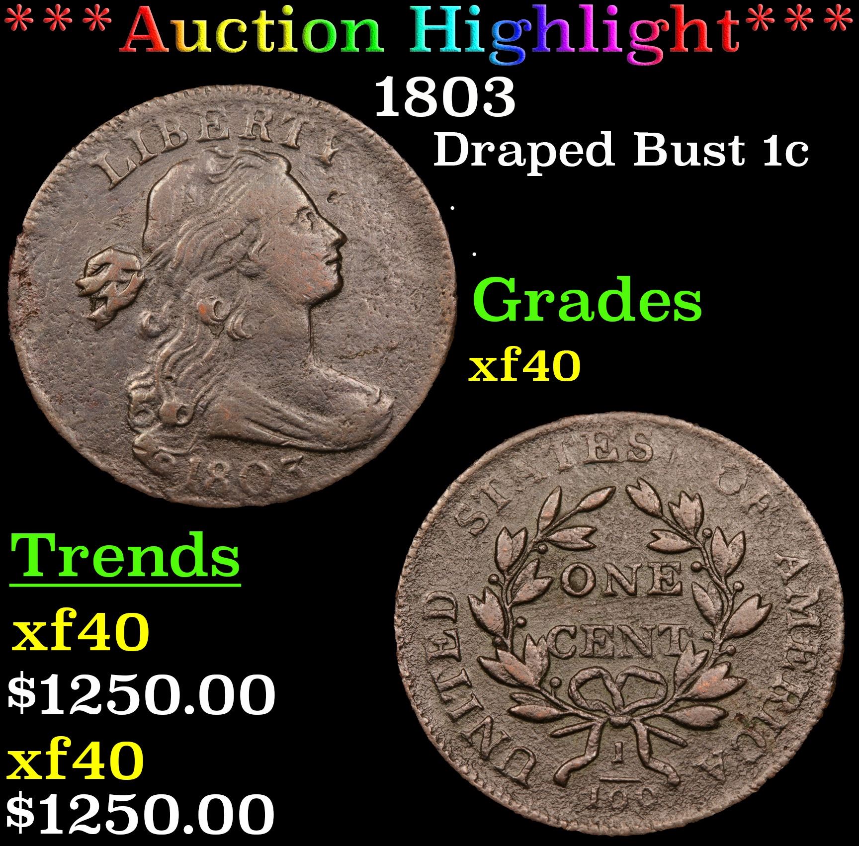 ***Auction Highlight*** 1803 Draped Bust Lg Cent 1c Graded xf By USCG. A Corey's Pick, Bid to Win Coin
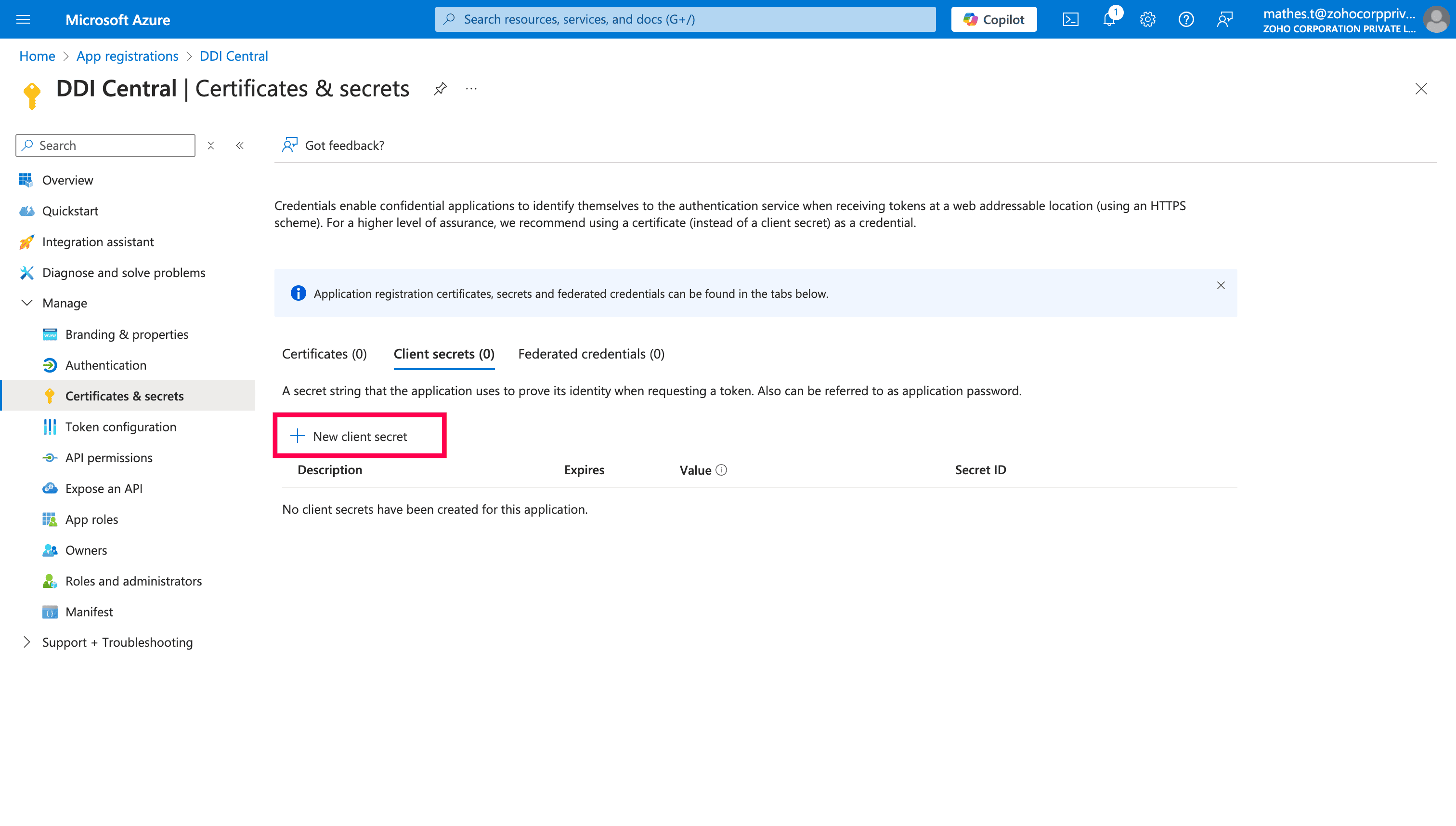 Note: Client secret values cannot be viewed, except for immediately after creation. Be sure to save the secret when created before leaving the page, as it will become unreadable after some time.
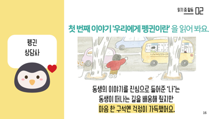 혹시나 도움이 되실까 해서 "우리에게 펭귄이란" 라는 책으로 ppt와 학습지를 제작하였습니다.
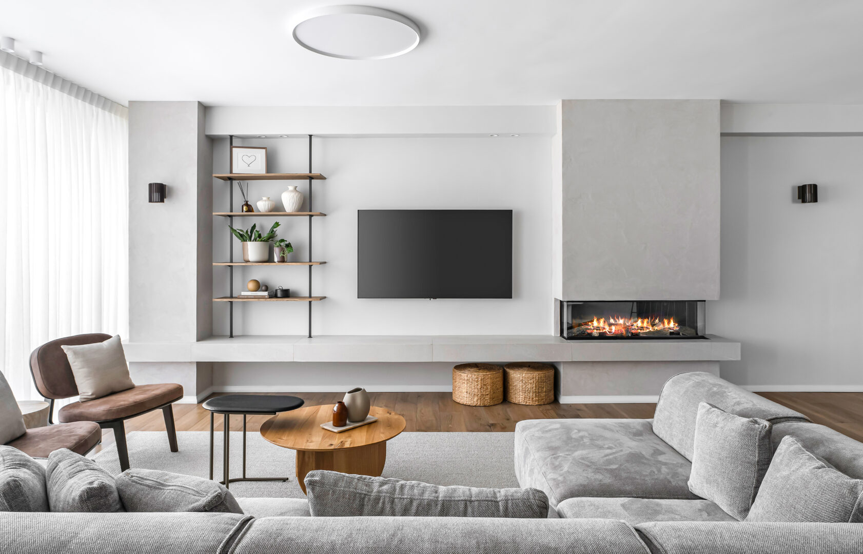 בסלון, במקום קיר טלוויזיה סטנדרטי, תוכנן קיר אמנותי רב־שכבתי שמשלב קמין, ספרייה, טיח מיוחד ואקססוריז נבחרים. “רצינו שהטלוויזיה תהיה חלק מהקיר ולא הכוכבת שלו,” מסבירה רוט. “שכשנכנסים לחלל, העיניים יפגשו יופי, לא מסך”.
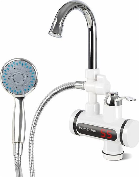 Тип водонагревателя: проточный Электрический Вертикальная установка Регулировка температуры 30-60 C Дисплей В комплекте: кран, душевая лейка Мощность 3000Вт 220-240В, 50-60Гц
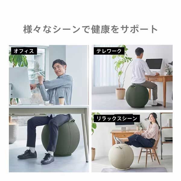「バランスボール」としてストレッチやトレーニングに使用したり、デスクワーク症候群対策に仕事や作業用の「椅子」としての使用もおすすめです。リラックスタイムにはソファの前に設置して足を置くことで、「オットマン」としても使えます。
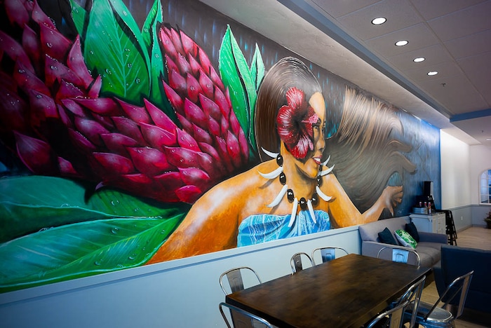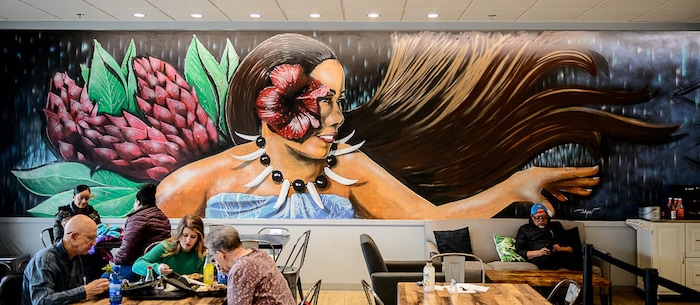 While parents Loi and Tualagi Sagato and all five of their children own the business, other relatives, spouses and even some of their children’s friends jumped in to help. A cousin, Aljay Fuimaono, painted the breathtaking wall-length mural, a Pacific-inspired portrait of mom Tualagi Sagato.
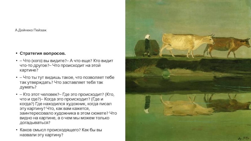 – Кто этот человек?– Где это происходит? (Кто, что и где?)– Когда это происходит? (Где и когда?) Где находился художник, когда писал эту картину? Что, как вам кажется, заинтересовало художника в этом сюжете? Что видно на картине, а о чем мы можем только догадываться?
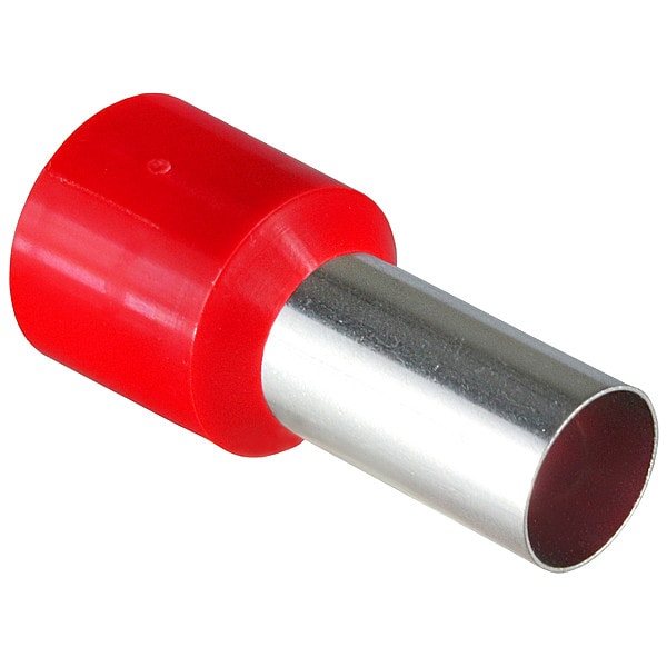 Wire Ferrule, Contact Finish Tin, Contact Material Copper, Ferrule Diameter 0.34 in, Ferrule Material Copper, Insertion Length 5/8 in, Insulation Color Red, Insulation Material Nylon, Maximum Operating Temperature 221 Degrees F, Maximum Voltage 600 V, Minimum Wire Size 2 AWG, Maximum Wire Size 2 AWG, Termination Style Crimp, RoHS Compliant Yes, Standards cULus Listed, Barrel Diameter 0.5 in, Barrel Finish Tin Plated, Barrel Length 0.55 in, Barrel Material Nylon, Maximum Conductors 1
___
Reproduce exactly the lines of the data above that run from the line with "Note: Client secret" down to the line with "While parents Loi", both ends included. Pictures do not belong in the copy.

**Finished task:**
 Note: Client secret values cannot be viewed, except for immediately after creation. Be sure to save the secret when created before leaving the page, as it will become unreadable after some time.
 혹시나 도움이 되실까 해서 "우리에게 펭귄이란" 라는 책으로 ppt와 학습지를 제작하였습니다.
 בסלון, במקום קיר טלוויזיה סטנדרטי, תוכנן קיר אמנותי רב־שכבתי שמשלב קמין, ספרייה, טיח מיוחד ואקססוריז נבחרים. “רצינו שהטלוויזיה תהיה חלק מהקיר ולא הכוכבת שלו,” מסבירה רוט. “שכשנכנסים לחלל, העיניים יפגשו יופי, לא מסך”.
 Тип водонагревателя: проточный Электрический Вертикальная установка Регулировка температуры 30-60 C Дисплей В комплекте: кран, душевая лейка Мощность 3000Вт 220-240В, 50-60Гц
「バランスボール」としてストレッチやトレーニングに使用したり、デスクワーク症候群対策に仕事や作業用の「椅子」としての使用もおすすめです。リラックスタイムにはソファの前に設置して足を置くことで、「オットマン」としても使えます。
 While parents Loi and Tualagi Sagato and all five of their children own the business, other relatives, spouses and even some of their children’s friends jumped in to help. A cousin, Aljay Fuimaono, painted the breathtaking wall-length mural, a Pacific-inspired portrait of mom Tualagi Sagato.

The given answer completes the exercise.